Up to 30 members of staff in the environmental services department at Darlington Borough Council will see their working conditions change.
Unison, the public sector union, called the proposed changes unfair, saying the council has ‘got it wrong’ and vowed to help its members fight them.
The potential changes, which include a switch to a four-day week, came to light after an affected employee contacted The Northern Echo.
Environmental services covers a range of council functions, from rubbish collection, street cleaning, cemetery maintenance and dealing with dog waste.
Dawn Taylor, assistant secretary of the Darlington branch of Unison, said: “Yet again, our low-paid members are being squeezed the hardest, with continued cuts to their pay and conditions.
“It is unfair that those people who provide essential public services are denied a wage that gives them a decent standard of living.
“The authority has trumpeted its drive to boost local economic growth, that is why pay matters.
“Our community depends on people being in work and earning decent pay, pay that gets spent where we live, boosting local businesses and creating new jobs.

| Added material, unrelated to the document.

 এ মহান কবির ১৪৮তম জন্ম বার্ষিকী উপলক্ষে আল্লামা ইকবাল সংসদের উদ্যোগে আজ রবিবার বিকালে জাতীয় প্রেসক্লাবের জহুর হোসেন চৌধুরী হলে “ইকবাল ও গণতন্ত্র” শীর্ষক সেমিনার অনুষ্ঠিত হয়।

The authority has got it wrong.
“Cabinet has agreed to move the lowest hourly pay rate to scale point ten.
“While they're giving a small amount to some with one hand, they're taking off others to pay for it.
“We welcome the small amount of help for the lowest paid, but it's still not the living wage.

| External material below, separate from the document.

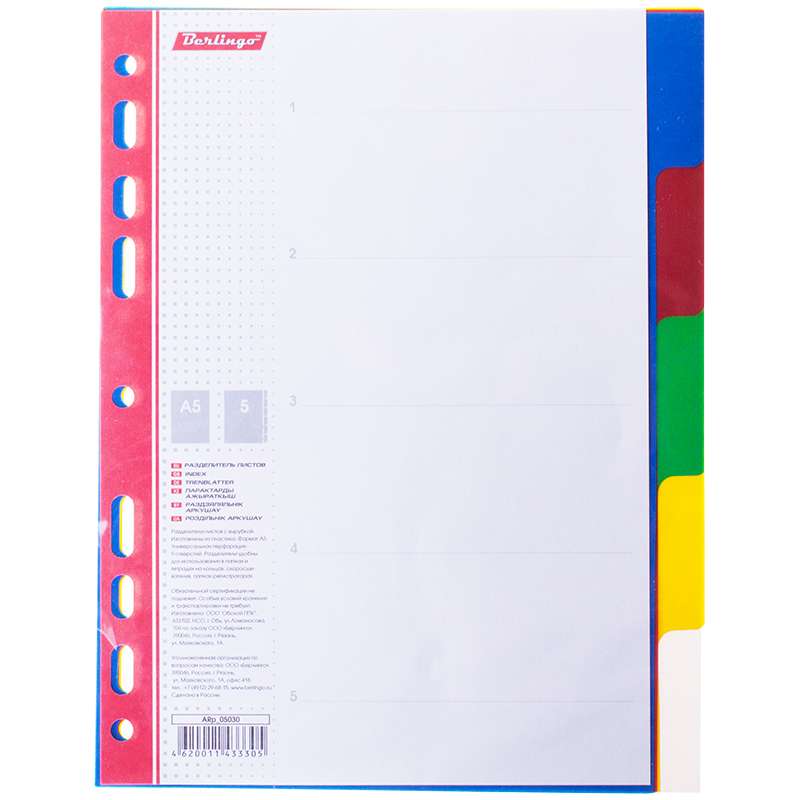 Набор цветовых разделителей. Формат А5. Обеспечивают сохранность и аккуратность листов. Удобны в использовании с папками-регистраторами и на кольцах.226208 Разделитель листов А5 "5 цветов", пластиковый ARp_05030 [РЦ]

“The branch will support its members at every turn and help them fights these cuts.”
A council spokeswoman said: "The council is continually restructuring its workforce to meet the challenging financial environment it is facing.

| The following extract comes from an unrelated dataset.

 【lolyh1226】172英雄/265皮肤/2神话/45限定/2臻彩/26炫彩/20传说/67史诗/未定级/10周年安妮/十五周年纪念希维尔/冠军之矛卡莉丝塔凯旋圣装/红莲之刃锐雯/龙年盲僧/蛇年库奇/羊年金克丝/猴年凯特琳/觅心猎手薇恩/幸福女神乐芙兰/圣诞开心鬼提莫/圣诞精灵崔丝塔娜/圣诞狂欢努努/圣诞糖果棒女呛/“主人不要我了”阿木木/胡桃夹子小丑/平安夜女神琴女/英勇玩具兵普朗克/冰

“There is a restructure taking place within environmental services and although there are enough posts for all existing employees and no proposed reduction in contracted hours, some jobs will change significantly, which will impact on salaries.
“There is the potential for up to 30 employees to see a pay reduction of up to £2,000 gross after a three-year period.
“There are also proposed changes to working arrangements, specifically to a four-day working week.
“These changes are as a result of plans already agreed, such as our amending the way we collect refuse and recycling.”
In January, the council approved changes to its rubbish collections – with general waste and recycling to be taken away on alternate weeks from October, saving some £400,000.